The following is the output. Note that we get the same output with print(pca.fit_transform(a-L)), L being any number, due to translational invariance. Same with rotations.

[[ 0.16752654  0.15593431]
 [ 0.20568992 -0.14688601]
 [-0.16899598  0.06364857]
 [-0.20422047 -0.07269687]]

Now, I give a very small perturbation (~1%) to the array a and perform PCA.
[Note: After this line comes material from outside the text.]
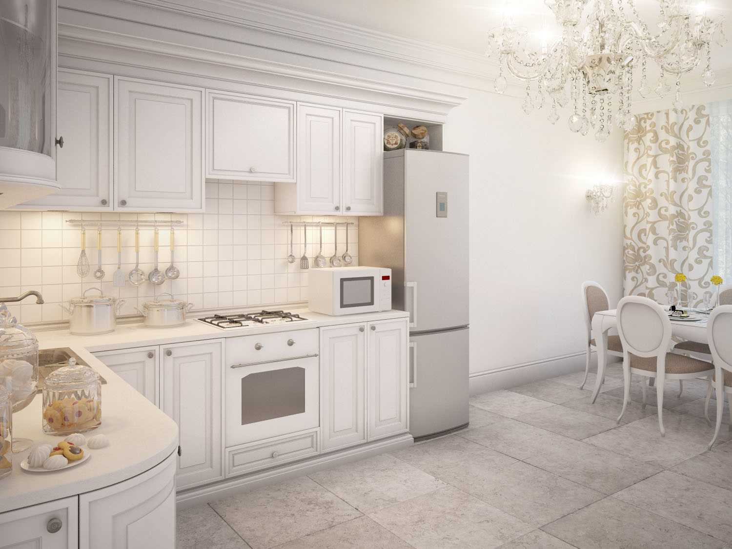 Une caractéristique des classiques est une combinaison harmonieuse de meubles lourds et de certains détails (rideaux, éléments décoratifs) avec des couleurs claires. Les tons les plus courants pour ce style sont le beige, l'ivoire, le laiteux et toutes les nuances de brun. Un exemple frappant est la cuisine italienne.

a_p = np.array([[0.51 , 0.53 , 0.52 ],
       [0.322, 0.452, 0.741],
       [0.217, 0.342, 0.339],
       [0.116, 0.31 , 0.417]])
pca = PCA(n_components=2)
print(pca.fit_transform(a_p))

The result is as follows. This is quite different from the PCA of the original array.

 [[-0.2056024 , -0.14346977]
 [-0.18563578  0.15627932]
 [ 0.17974942 -0.07001969]
 [ 0.21148876  0.05721014]]

I expected the PCA transformation of the perturbed array to be very similar to that of the original array, but the percentage change is huge. Why is this? Is there any way I could obtain a very similar PCA transformation for a slightly perturbed/shaked array?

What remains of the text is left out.